Jcseg shared in this issue is a lightweight Chinese word classifier based on mmseg algorithm, which integrates the functions of keyword extraction, key phrase extraction, key sentence extraction and automatic article summarization.
Jcseg core functionality
- Chinese word segmentation: mmseg algorithm + Jcseg original optimization algorithm, seven segmentation modes.
- Keyword extraction: based on textRank algorithm.

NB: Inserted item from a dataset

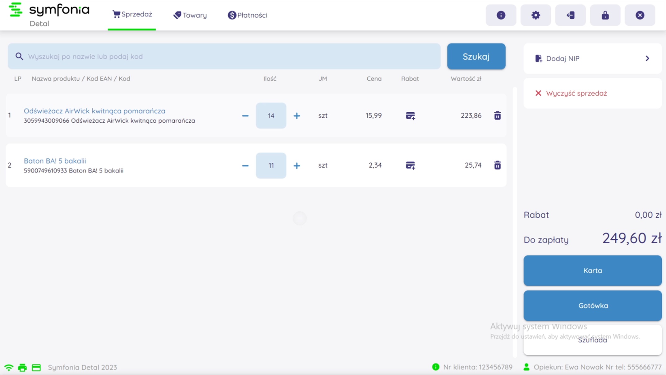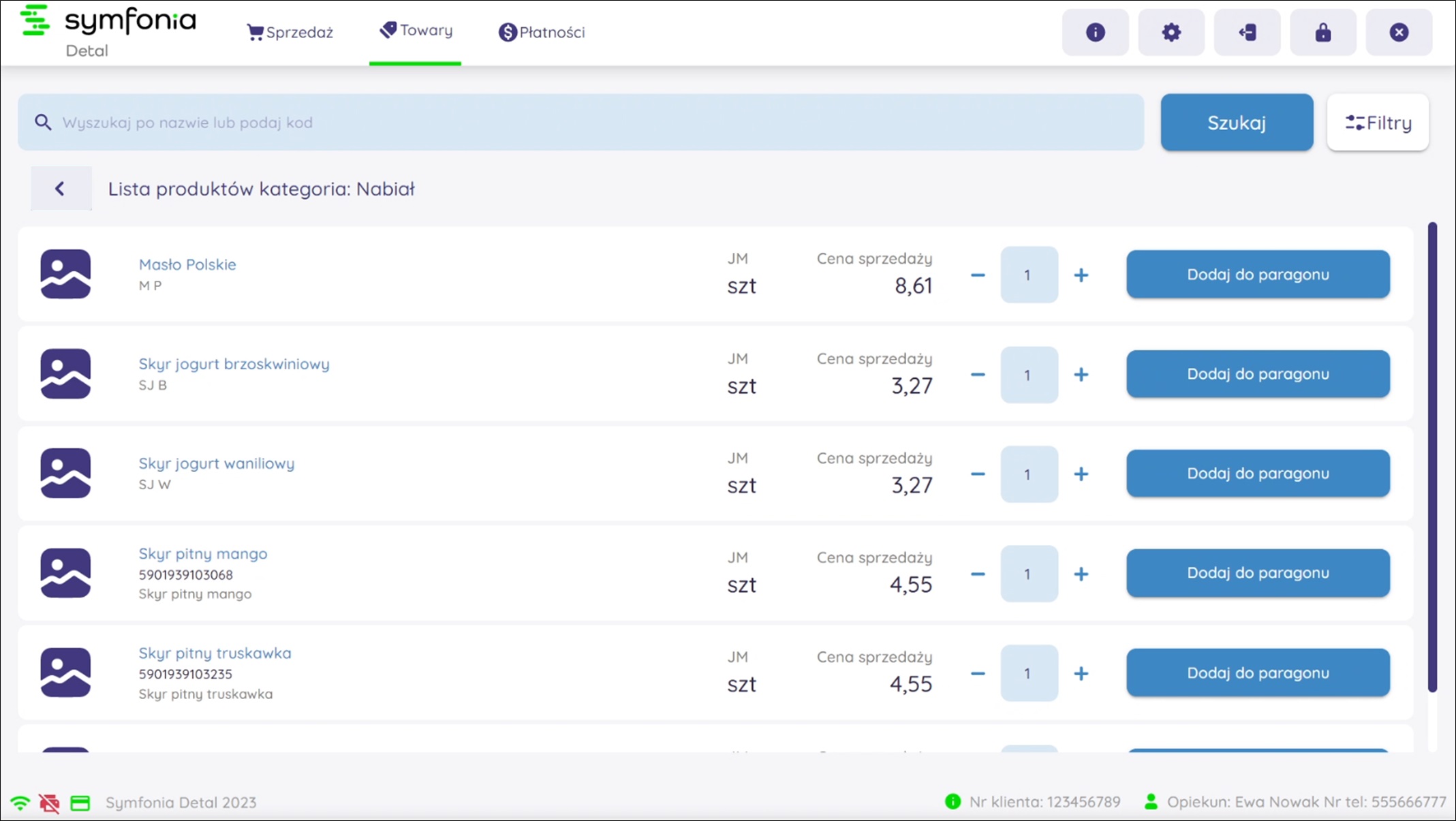 Symfonia detal to moduł dodatkowy do Symfonia Handel ERP umożliwiający prowadzenie sprzedaży detalicznej na urządzeniach typu POS na Windows IoT. Aplikacja bezpośrednio jest podłączona z drukarką fiskalną Posnet Thermal XL2 2" online oraz Terminalem płatniczym dostarczonym przez Polskie e-Płatności.

- Key phrase extraction: based on textRank algorithm.
- Key sentence extraction: based on textRank algorithm.
- Automatic summarization: Based on BM25+textRank algorithm.
- Automatic part-of-speech tagging: Based on thesaurus + (statistical ambiguity removal program), the current effect is not very ideal, and it is not recommended to use in applications that require high part-of-speech tagging results.
- Named entity annotation: based on thesaurus + (statistical ambiguity removal Program), email, Web address, mainland mobile phone number, place name, person name, currency, datetime time, length, area, distance unit, etc.
- Restful api: Embedded jetty provides an absolute high-performance server module, including all functions of the http interface, standardized json output format, easy to call a variety of language clients directly.
Jcseg Quick experience
terminal test:
- cd to the Jcseg root directory.
- ant all(or compile with maven)
- operation:java -jar jcseg-core-{version}.jar
- You will see the following terminal interface
- Enter text at the cursor to start the test (Enter :seg_mode parameter switch to experience various segmentation algorithms)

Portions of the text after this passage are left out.